We see one interesting direction the response could take in a proposal that Rand Paul has made.  He vociferously opposed McCain-Feingold, characterizing it as a “blatant violation” of the First Amendment.  But he has also alleged pervasive  corruption in government, focusing on the lure of government contracts. Congress had an obligation, he argued, to “remove corruption while still honoring individual liberty.”  Companies with major business before the government have powerful incentives to keep and enlarge the flow of taxpayer funds, and they have at their disposal well-paid lobbyists and campaign spending programs to protect this business interest.

To counter this systemic corruption, Paul proposes this:  companies bidding for contracts with a value in excess of $1 million would agree, as a condition of doing  business with the government, “not to lobby government or contribute to campaigns during the terms of the contract.”   Paul has not said whether this pledge would include refraining from independent expenditures, though it is difficult to see how it would be effective to allow for unlimited expenditures for the benefit of candidates while prohibiting only small, dollar-limited contributions to their campaigns.  Either way, this type of proposal does not stop at enforcing fiduciary responsibilities and bribery law but imposes indirectly, as a price of contracting with the government, a prohibition on political activity.

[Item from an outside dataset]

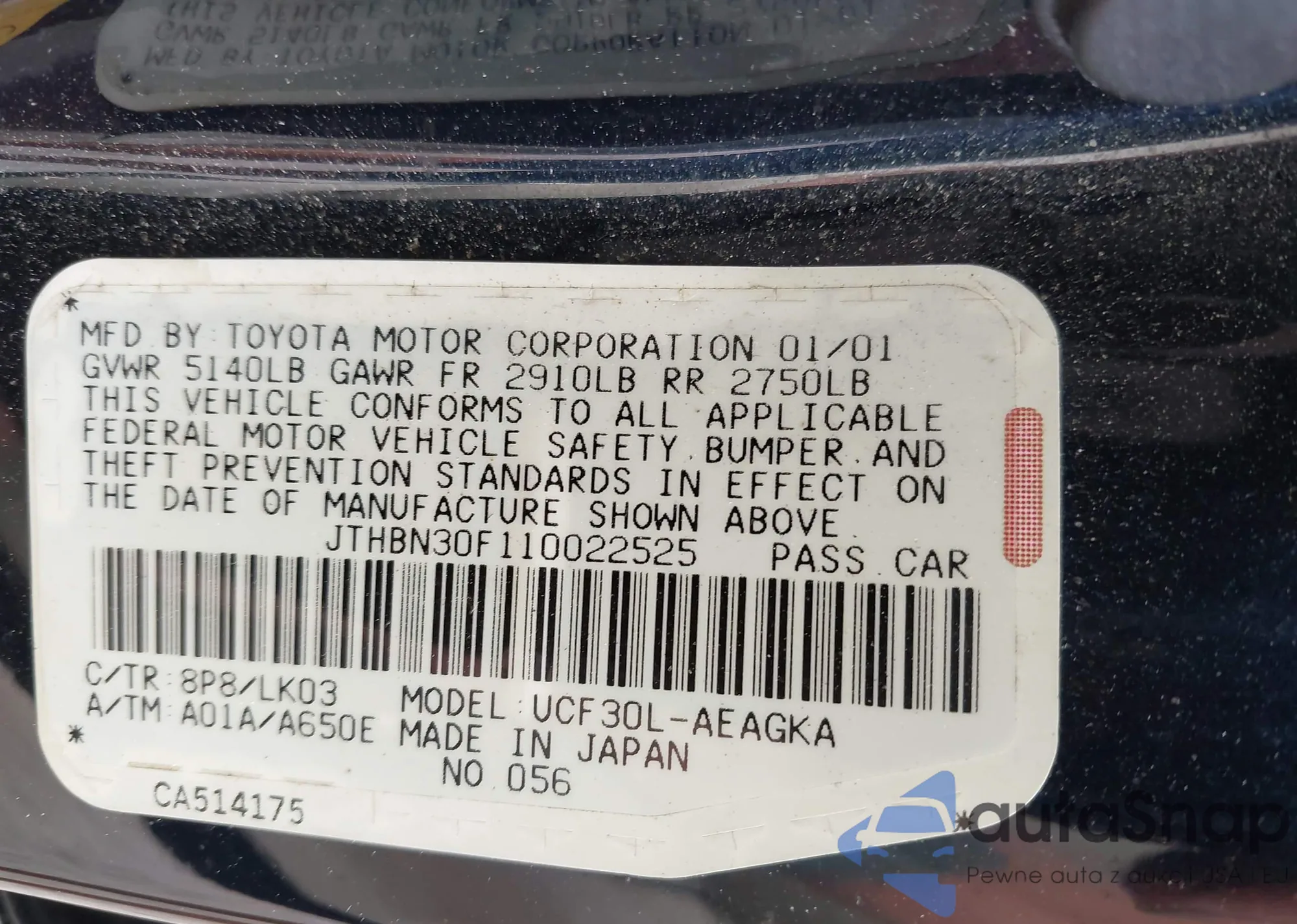 LOT: 43286845 VIN: JTHBN30F110022525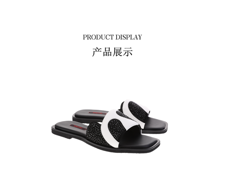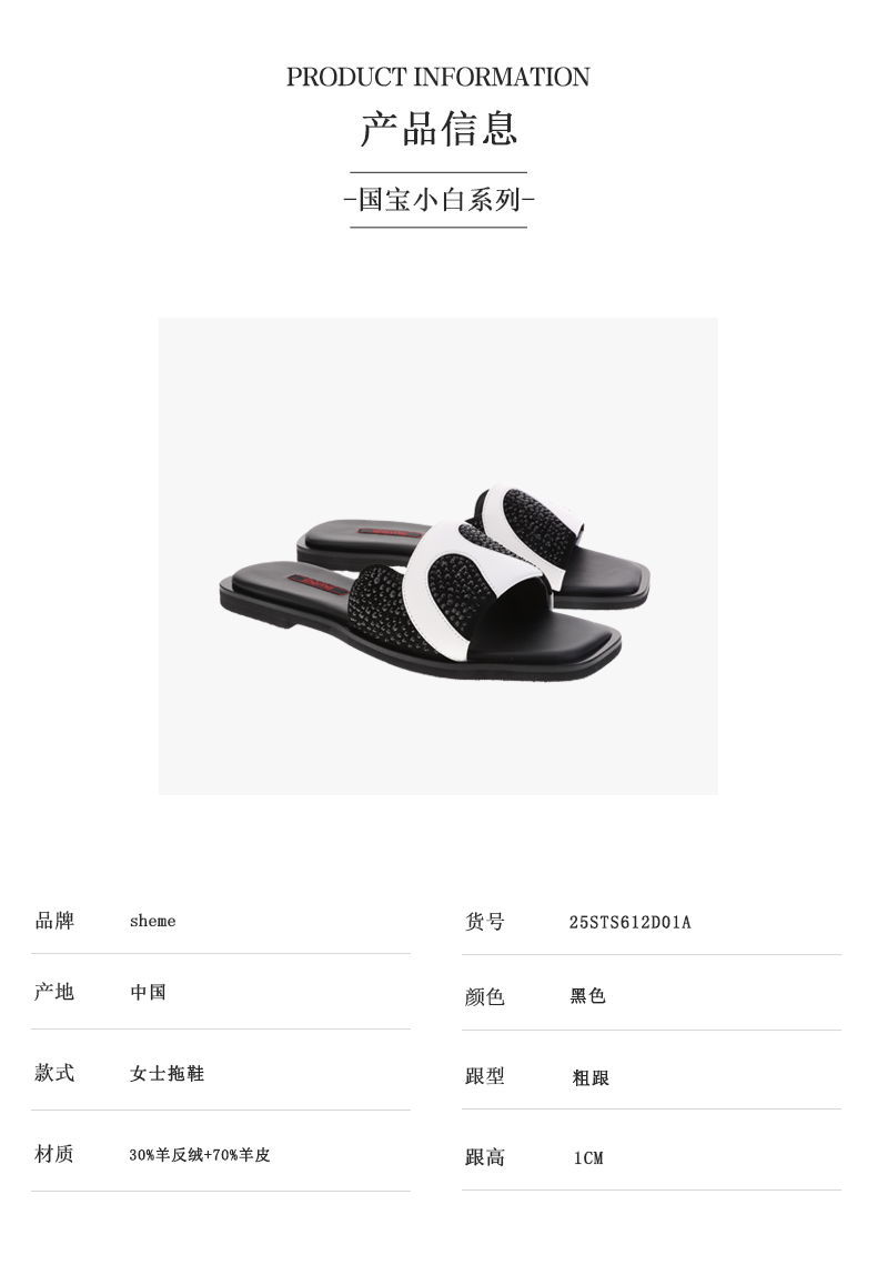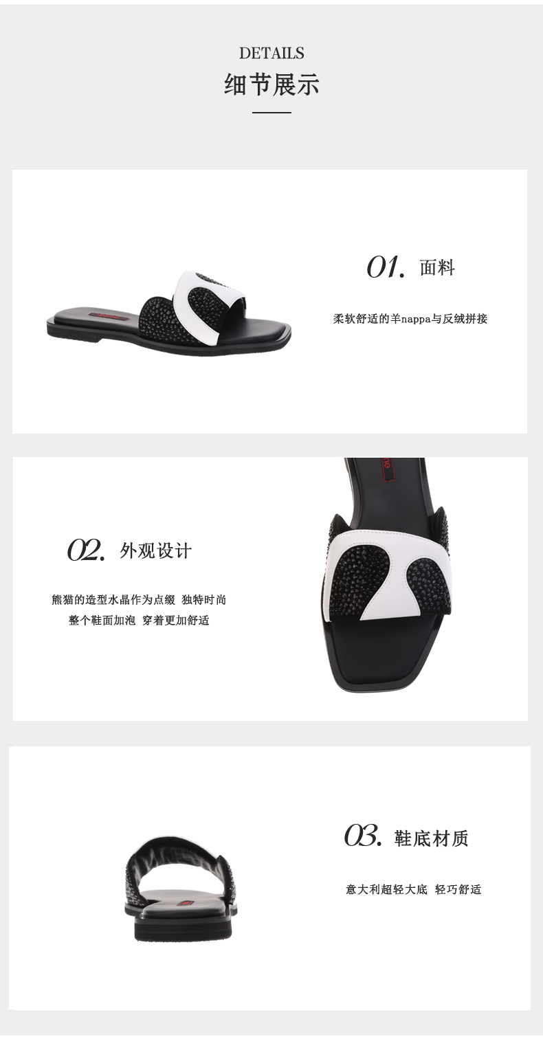 sheme国宝小白系列水晶熊猫皮料拼接独特可爱女士拖鞋可定制

This seems to break with the libertarian “primer” on campaign finance and its core position that “the First Amendment does not allow treating advocacy as if it were a bribe.” The proposal’s feature of  “voluntariness” has a sharp edge: either volunteer to suspend political activity, or suspend further business with the federal government.  And there is a further regulatory dimension to this proposal. The pledge once given is subject to enforcement, and a violation would lead to termination of a contract and, presumably, disgorgement of benefits previously received.  A libertarian critic might also fear that once this proposal is adopted, the government might come under pressure to adopt coercive measures if the voluntary ones appear to fail.

The next campaigns may expose these tensions between libertarian campaign finance theory and populist libertarian politics.  The arguments over reform may take place within and not only between the political parties.